2.2. Construction of Nanobody-Gold Nanoparticle
The GNPs were prepared according to the previous reports [23,25]. Different amounts of trisodium citrate were added to obtain two sizes of GNPs. Finally, the sizes of different gold nanoparticles were determined by transmission electron microscopy (TEM, Nippon Electronics Co., Ltd. JEM-1400, Tokyo, Japan).
The strain E. coli BL21 (DE3) was used to express the nanobody of 2,4-D. After the selection of induction time, induction temperature and isopropyl-β-D-thiogalactopyranoside (IPTG) concentration, the nanobody was expressed and purified by His-Pur Ni-NTA columns.
Before coupling, the optimal pH for the gold nanoparticle suspension was selected. At first, 100 μL gold nanoparticle suspensions were added to a 1.5 mL tube, and then different amounts of 0.1 M K2CO3 solution were added. After gentle mixing, 3 μL purified nanobody solution (at the concentration of 0.20 mg/mL) was added. Then, 10 μL 10% NaCl solution was added in after the suspension was left for 1 h at room temperature. Then, the suspension was mixed and left at room temperature for 1 h.

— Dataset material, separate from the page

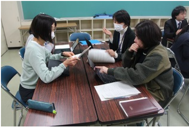
職員室 | - | -
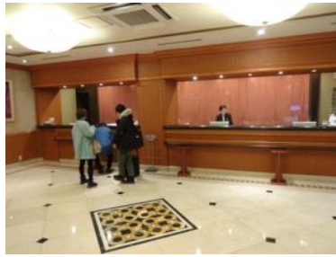
ロビーは2階になります。

Finally, the mixed solution was added into a 96-well plate, and the absorbance was measured at 520 nm by UV spectrophotometer. We selected the addition amount of K2CO3 and the optimum pH was obtained. At this pH, the absorbance was the highest. Similarly, according to the optimum pH, we selected the optimal amount of nanobody.

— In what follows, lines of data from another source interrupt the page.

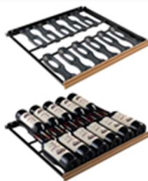
ソムリエの手引き出し棚(CS) 収容本数目安 12 本*

ソムリエの手引き出し棚(CS) : 6 枚 ディスプレイキット(CK) : 2 セット
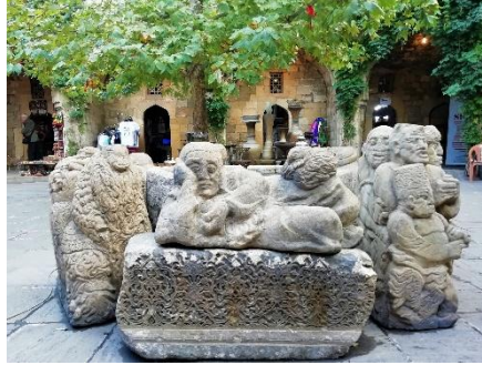
RESTOS DE UN CARAVANSAR EN BAKÚ

Azerbaiyán se abre entre el mar Caspio y las montañas del Gran Cáucaso, en pleno trazado de la antigua Ruta de la Seda. Mezquitas, palacios orientales y edificios rusos recuerdan a los siglos de influencias persas, turcas y soviéticas, hoy reunidas en ciudades como Bakú y en caravasares históricos como los de Sheki. La identidad azerí, de mayoría musulmana y carácter laico, se descubre en la música mugham, en la gastronomía y en la hospitalidad de la gente, siempre acompañada de té negro y dulces como la baklava.
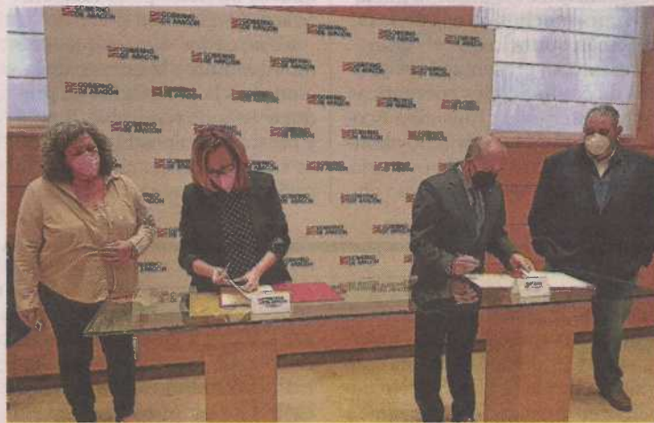
Firma del convenio de Plena inclusión Aragón y el Gobierno de Aragón.

Ahora trabajan juntos para hacer más accesible la Justicia a quienes tienen problemas para entenderla.
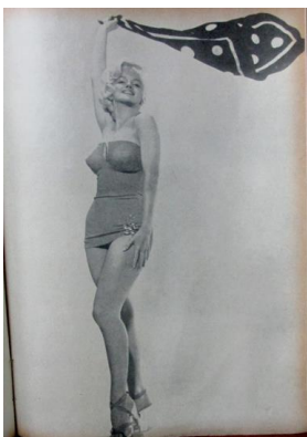
Figura 53. Marilyn sigue en primera fila. (1961). Revista Cromos , 90(2294), p. 7.

El ideal del cuerpo bello masculino, que se vio reflejado en los galanes del cine, tuvo su equivalente femenino en Marilyn Monroe, como la mujer más bella y deseada por el Hombre Moderno de la década del cincuenta, y su muerte, en 1962, la convirtió en uno de los mayores iconos de la belleza femenina para la cultura moderna (Hobsbawm, 2013).

Based on the above results, 1 mL gold nanoparticle suspension and 0.1 M K2CO3 solution were added in the tube with stirring, and then nanobody was added and stirring continued for 30 min, followed by adding 80 μL 10% BSA and stirring for 20 min. After finishing, the combination was placed at 4 °C for 15 min, and then was centrifuged at 4 °C, 380× g for 15 min to remove the unconjugated nanogold particles and the supernatant was taken for another centrifugal to obtain the nanobody-gold nanoparticle pellet. After removing the supernatant, 1 mL gold nanoparticle resuspension was added slowly into the precipitation. Finally, the solution was centrifuged at 4 °C, 9500 g for 30 min; then, the nanobody-gold pellets were resuspended by 50 μL diluent, and stored at 4 °C until use.

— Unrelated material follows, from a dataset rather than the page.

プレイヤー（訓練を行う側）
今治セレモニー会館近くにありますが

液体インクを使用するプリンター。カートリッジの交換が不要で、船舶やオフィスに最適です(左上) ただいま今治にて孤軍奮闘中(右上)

2.3. Optimization of the Combination of Antigen and Nanobody for Immunochromatographic Strip
Immunochromatographic strips combine traditional immunolabeling technology with chromatography technology, and are based on formats in which free and immobilized antigen compete for binding to nanobody-AuNPs conjugates. As shown in Figure 1, the strips were assembled as follows: the nitrocellulose membrane was pasted on the center of PVC pad, and the absorbent pad was placed on the top of it, while the sample pad and conjugate pad were stacked on the bottom, in turn (Figure 1). Then, the test strips were cut with a size of 4 mm wide by an automatic cutter.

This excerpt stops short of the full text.